INFORMATION —

□ □ □ □

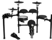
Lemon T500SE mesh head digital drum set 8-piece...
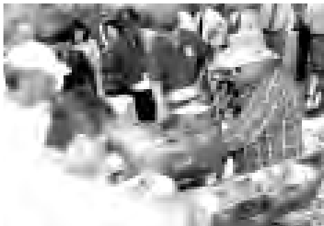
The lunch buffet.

□ □ □ □

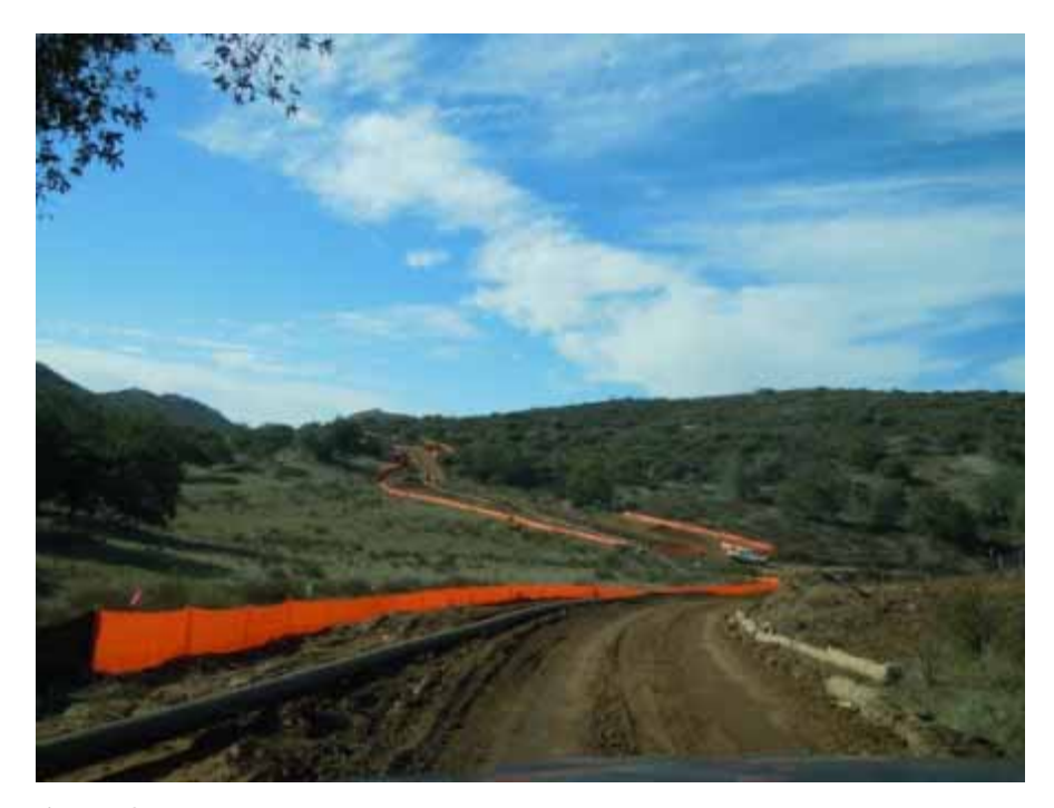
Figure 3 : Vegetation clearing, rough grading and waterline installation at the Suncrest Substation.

□ □ □ □

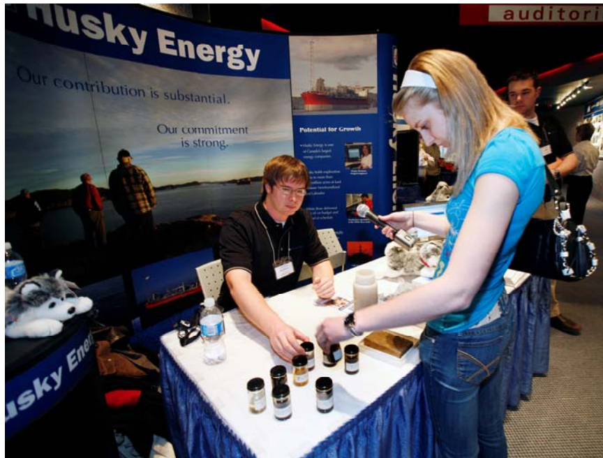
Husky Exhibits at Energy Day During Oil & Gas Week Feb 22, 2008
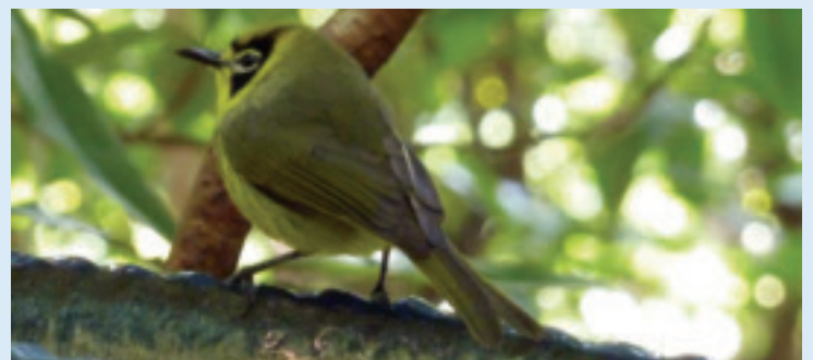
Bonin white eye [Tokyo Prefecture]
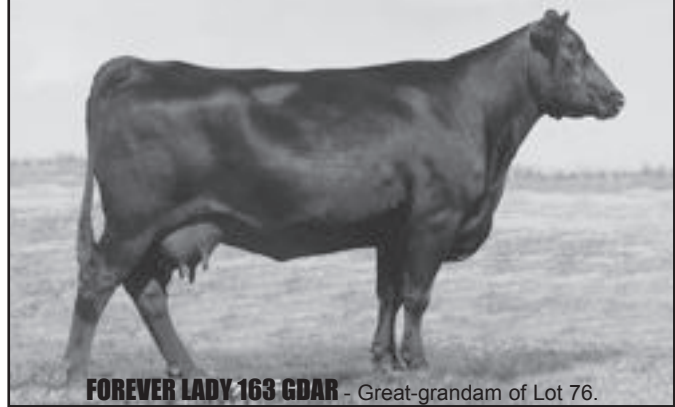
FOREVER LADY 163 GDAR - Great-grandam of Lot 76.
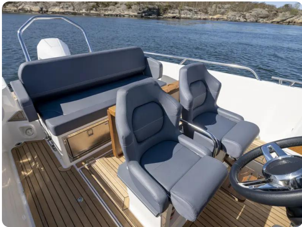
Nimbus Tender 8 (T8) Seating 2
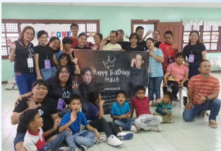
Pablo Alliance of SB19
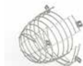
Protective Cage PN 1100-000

□ □ □ □

YOUR GOAL — Among the entries above, take the lines from the one with "Lemon T500SE mesh" through the one with "The lunch buffet." and retype them exactly, leaving out the pictures.

WRITTEN SOLUTION —
Lemon T500SE mesh head digital drum set 8-piece...
The lunch buffet.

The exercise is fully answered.